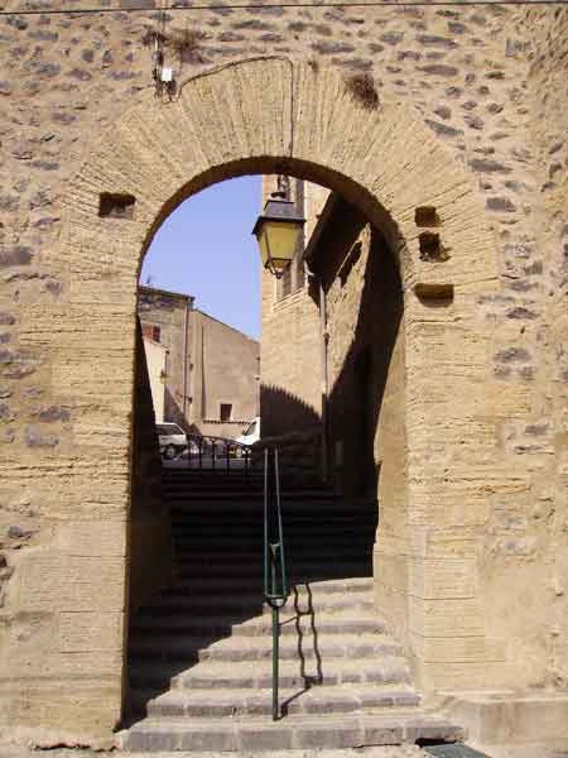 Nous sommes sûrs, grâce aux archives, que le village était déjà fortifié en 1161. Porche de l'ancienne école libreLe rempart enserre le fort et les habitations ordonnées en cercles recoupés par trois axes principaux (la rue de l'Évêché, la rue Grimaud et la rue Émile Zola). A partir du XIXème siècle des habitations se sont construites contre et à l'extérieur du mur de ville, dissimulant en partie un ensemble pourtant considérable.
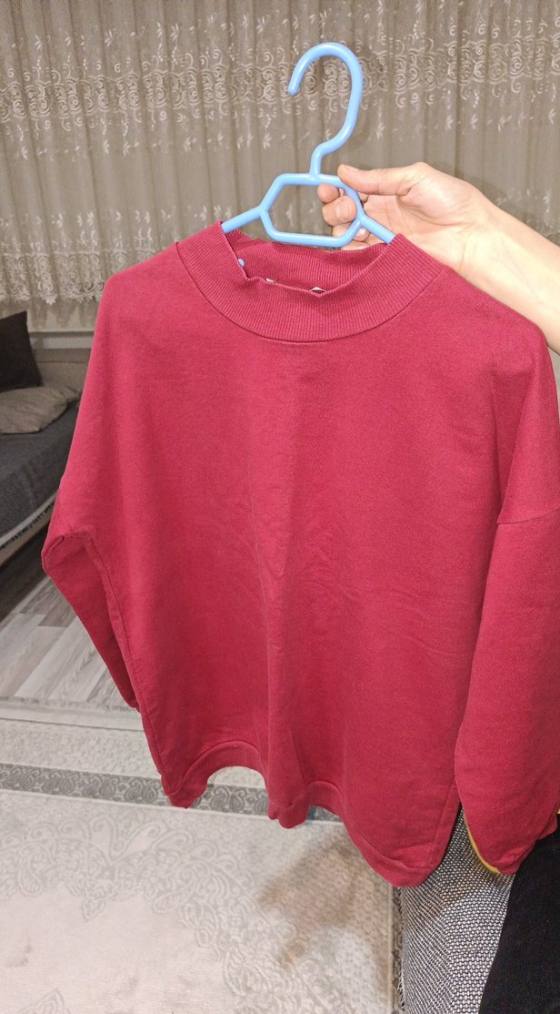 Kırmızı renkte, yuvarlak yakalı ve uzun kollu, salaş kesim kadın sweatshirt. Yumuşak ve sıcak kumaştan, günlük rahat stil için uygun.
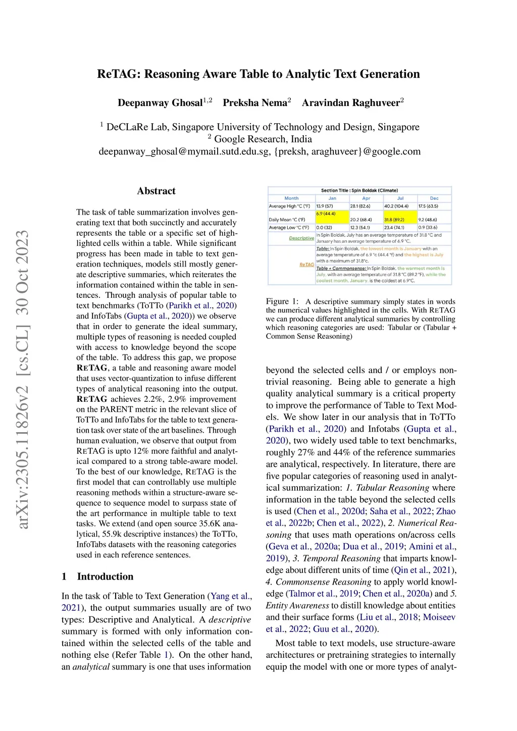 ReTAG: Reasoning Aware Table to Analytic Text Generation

Task to carry out.
The data is to be printed again exactly, but without its pictures.

Problem solution.
 Nous sommes sûrs, grâce aux archives, que le village était déjà fortifié en 1161. Porche de l'ancienne école libreLe rempart enserre le fort et les habitations ordonnées en cercles recoupés par trois axes principaux (la rue de l'Évêché, la rue Grimaud et la rue Émile Zola). A partir du XIXème siècle des habitations se sont construites contre et à l'extérieur du mur de ville, dissimulant en partie un ensemble pourtant considérable.
 Kırmızı renkte, yuvarlak yakalı ve uzun kollu, salaş kesim kadın sweatshirt. Yumuşak ve sıcak kumaştan, günlük rahat stil için uygun.
 ReTAG: Reasoning Aware Table to Analytic Text Generation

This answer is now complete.